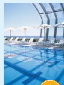
エレガント淡路島 全天候型
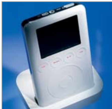
▲ Элегантная док-станция идеально сочетается с плеером iPod

Уменьшенные по сравнению с предыдущей моделью габариты и вес делают этот плеер стоимостью $450 самым маленьким с 2,5-дюймовым винчестером. Однако не все подверглось в нем миниатюризации: размеры дисплея, наоборот, увеличены, а жесткий диск на 60 Гбайт позволяет создавать громадные архивы музыкальных записей. За $380 можно купить недавно вышедшую 30-гигабайтную модель Creative Zen Xtra с аналогичными характеристиками. Она по соотно-
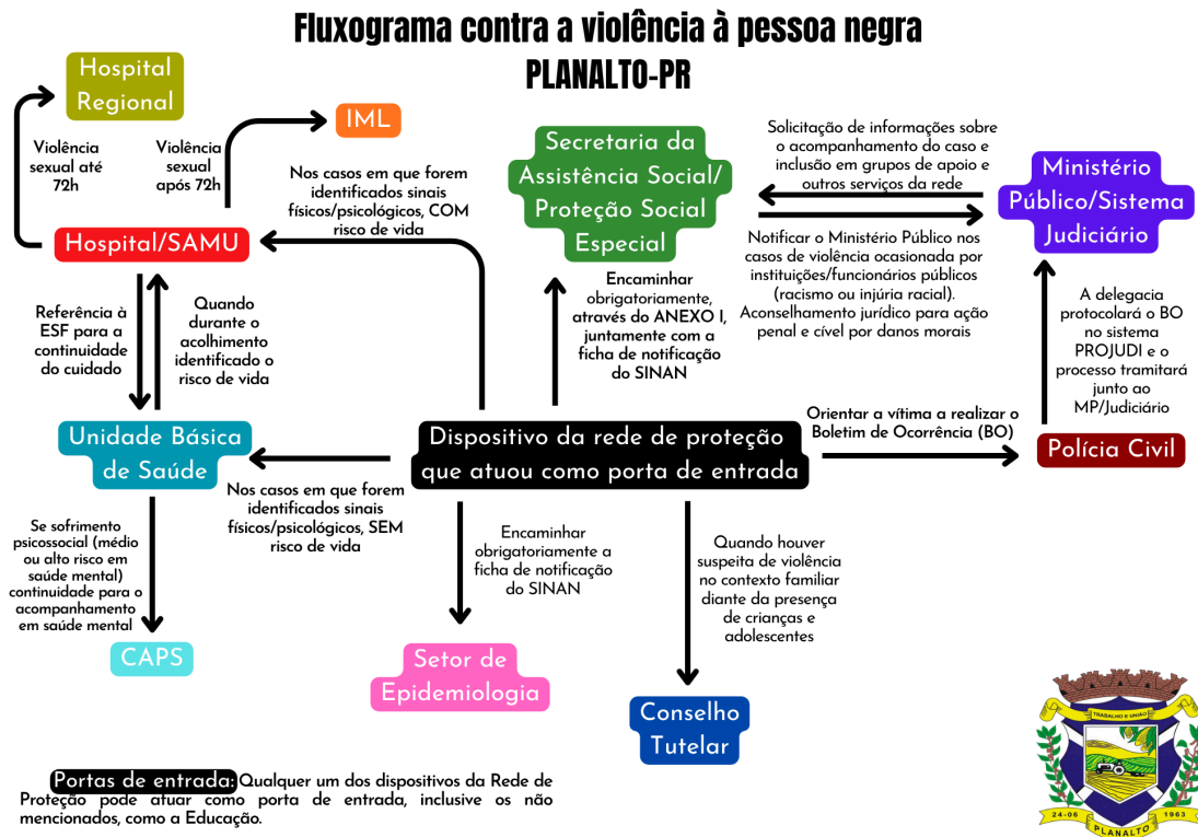
IMAGEM 6 - Fluxo resumido de combate à violência contra a pessoa negra

* _Task goal_: An exact copy of the lines above, from the first through the line that holds "с плеером iPod", is what is needed; leave the pictures out.

* _Answer box_:
エレガント淡路島 全天候型
▲ Элегантная док-станция идеально сочетается с плеером iPod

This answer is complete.